林默說道:“既然是這樣,安全署的資料裏,爲什麽沒有任何吳睿恒的不良記錄?”
“沒有嗎?”蒼山明顯的愣了一下。
“我看到的資料中沒有!”林默說道。
“那就隻有兩種可能。”蒼山道:“一是安全署有意包庇,隐藏了相關資料;二是吳睿恒每次惹事,最終都用錢擺平了,隻要苦主不追究,那安全署自然也就沒有相關記錄。”
“你覺得哪種可能性大一點?”
“說不好!”蒼山搖了搖頭:“想知道的話,得派人去查。”
“需要多久?”
“快則三五天,慢的話十天半月也有可能,但看對方做事的隐秘程度。

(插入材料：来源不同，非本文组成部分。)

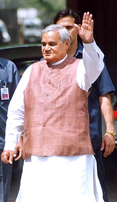 Prime Minister Atal Bihari Vajpayee enters Parliament House in New Delhi on Tuesday, April 30, for the debate under Rule 184 in the Lok Sabha on the violence in Gujarat.

”
“那算了!”林默搖了搖頭。
暗影會給他的任務期限隻有十天,而今天已經是他接下任務的第三天了。
隻剩七天時間,調查大概率是來不及的。
“既然如此,那就隻能抓來再“問”了。”林默心中念頭轉動着。
他原本的想法,是從安全署弄清楚吳睿恒有沒有取死之道。
如果有的話,直接殺了就完事。
可他沒想到,僅僅是确認這一點就這麽麻煩。
當然。
這主要是跟他不想濫殺有關。
雖然從他現在了解的情況來看,吳睿恒大概率不是個好人。
但不是好人不等于該死!
如果不弄清楚吳睿恒到底有沒有取死之道,他實在是過不了自己心裏那關——有了實力就不分好壞的胡亂殺人,那他跟他讨厭的惡人有什麽區别??
念頭落下,他看向蒼山:“确定吳睿恒行蹤,需要多久?”
“這個簡單,最多半個小時就能搞定。”蒼山道。
“那就麻煩你,今晚10點之後,把他所在的位置發給我。”
之所以選擇晚上,是因爲晚上行動起來會更方便一些。
“沒問題。”蒼山一口應下。
結束了和蒼山的會面之後,林默便離開茶樓,回到了住宿的賓館,繼續練起了【空間轉移】。
現在才剛剛中午,距離晚上還有點時間,不能浪費。
晚上10點零5分的時候,他收到蒼山發來的地址,然後立即趕了過去。
這是位于市中心的一家豪華酒店。
林默在距離酒店還有幾公裏的時候就發動了隐匿,然後悄無聲息的進入酒店,從消防樓梯朝着頂樓快步走了上去。
按照蒼山發來的消息,吳睿恒此時正在頂樓的宴會廳參加一個聚會。
一路順利的到了頂樓。
還沒離開安全通道,他就聽到了宴會廳裏傳來的嘈雜聲音。
有人在歡呼、有人在大笑,聽上去,裏面的人應該是玩的挺嗨。
林默直接以隐匿狀态進入了宴會廳。
裏面的光線很暗,但他還是第一時間在群魔亂舞的人群中找到了吳睿恒。
因爲吳睿恒所在的位置,是整個宴會廳的C位,他周圍的所有人,都衆星拱月般的圍着他,使其看上去十分顯眼。
然後林默還敏銳注意到,在吳睿恒後方不遠處,宴會廳的角落中,有四個穿着作戰服的中年男女。
這四個人都穿着黑色作戰服,而且站在角落中一動不動,不注意的話,很容易就會忽略。
“這四個人,應該就是吳睿恒的大師級護衛了。”
林默看着那四人,神情若有所思。
雷旭給他的資料中,吳睿恒身邊的護衛應該是兩個人,但是現在卻變成了四個。
他在想,這個變化會不會跟霍成啓今天發的那條消息有關??
念頭落下,他又退出宴會廳,再次回到了安全通道之中。
之所以進入宴會廳,是爲了确認吳睿恒到底在不在這裏,确認之後,那他現在需要做的,就是耐心等待,然後伺機而動了。